Starting at the line with "3、找到通知设置并点击。", return every line through the final one of the data, word for word. Pictures stay out.

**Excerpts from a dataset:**
-- Opening Marker --

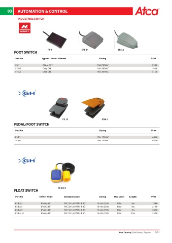 Part No Switch Angle Standard Cable Rating Max Level Length Price
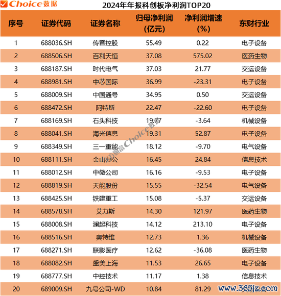 科创板“盈利王”是传音控股,归母净利润达到55.49亿元,百利天恒、时代电气位居第二、第三。
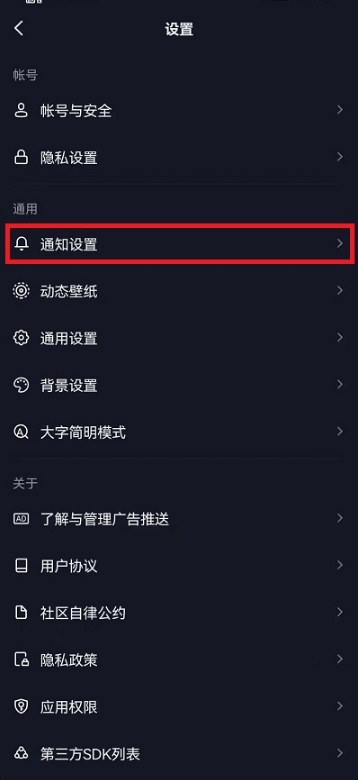 3、找到通知设置并点击。
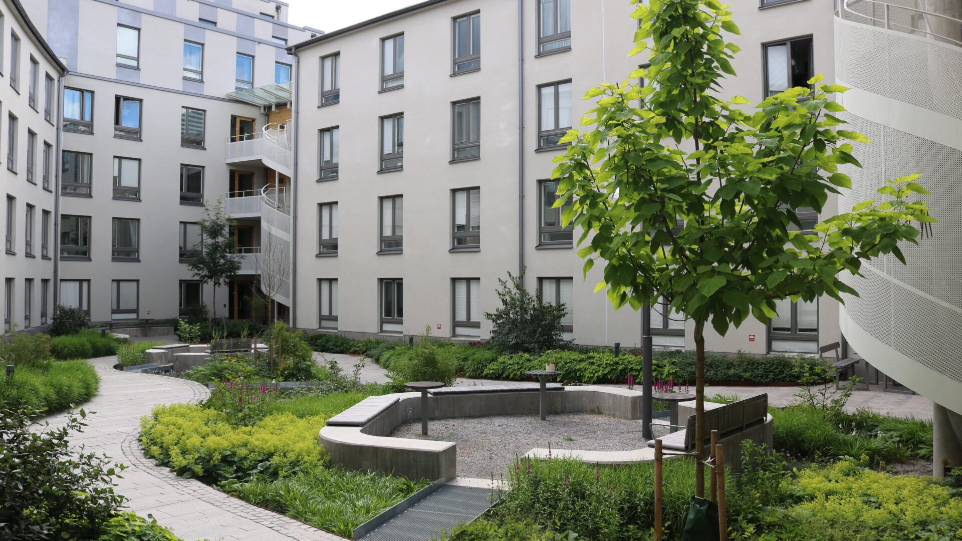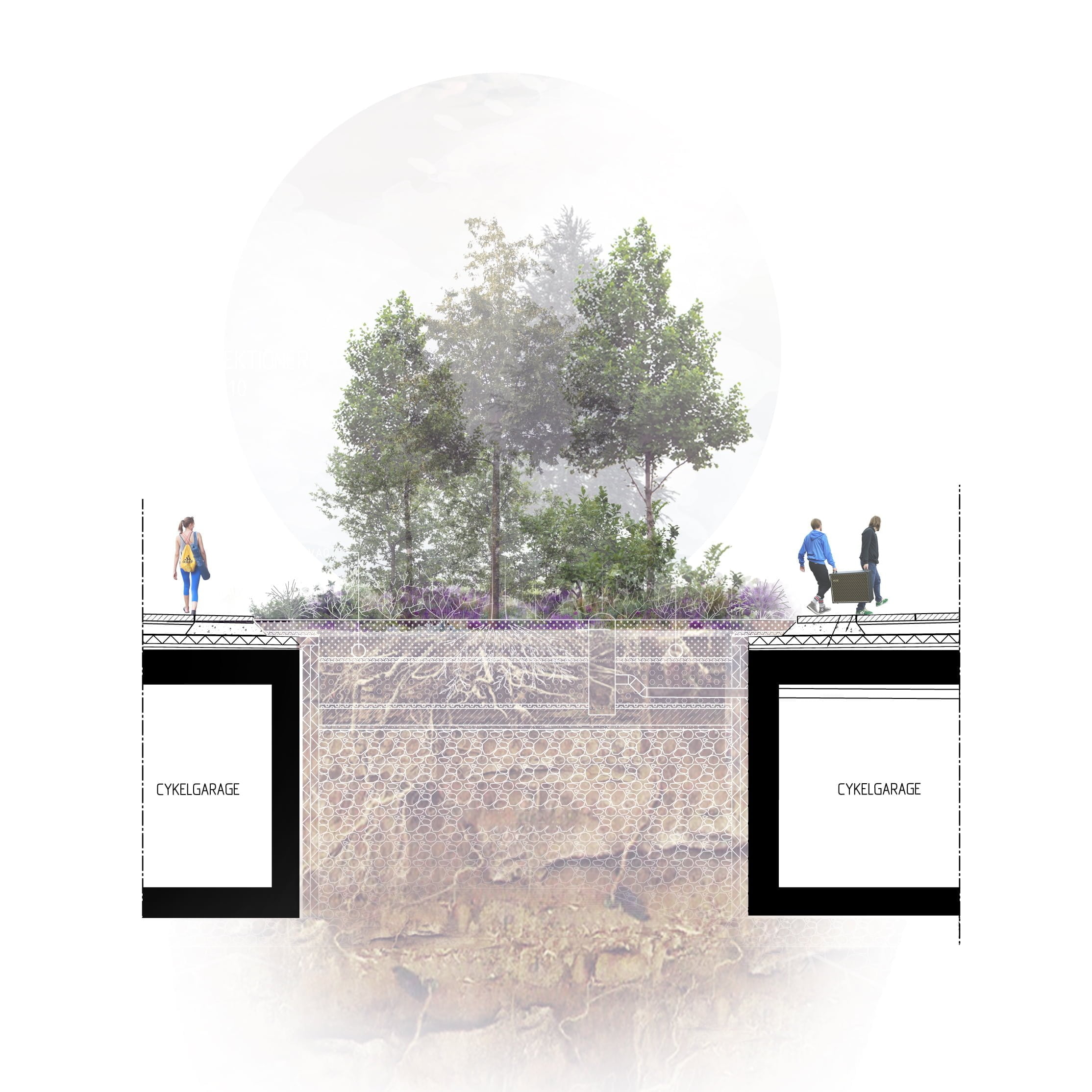 En av de största utmaningarna var att få stora träd och rik grönska att växa på bjälklag med begränsat djup. Vi löste det genom att arbeta med trädgropar som går igenom garagebjälklaget så att trädens rötter får kontakt med marken under garaget. Dessa gropar fungerar även som infiltrationsytor som tar hand om regnvattnet lokalt innan det leds vidare till ett gemensamt magasin.
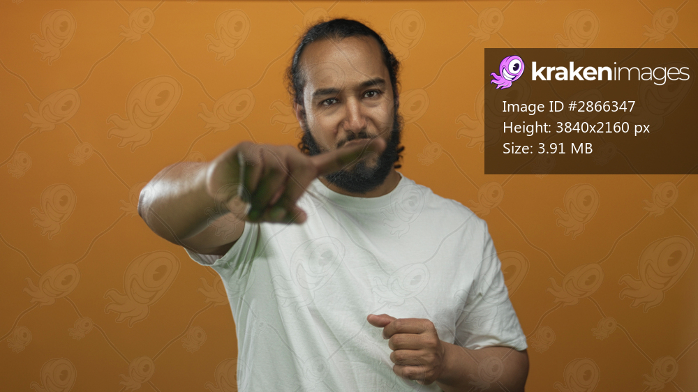 Man with beard points finger at camera in studio with orange backdrop and white t shirt; confidence assertion.

-- Closing Marker --

**Finished task:**
 3、找到通知设置并点击。
 En av de största utmaningarna var att få stora träd och rik grönska att växa på bjälklag med begränsat djup. Vi löste det genom att arbeta med trädgropar som går igenom garagebjälklaget så att trädens rötter får kontakt med marken under garaget. Dessa gropar fungerar även som infiltrationsytor som tar hand om regnvattnet lokalt innan det leds vidare till ett gemensamt magasin.
 Man with beard points finger at camera in studio with orange backdrop and white t shirt; confidence assertion.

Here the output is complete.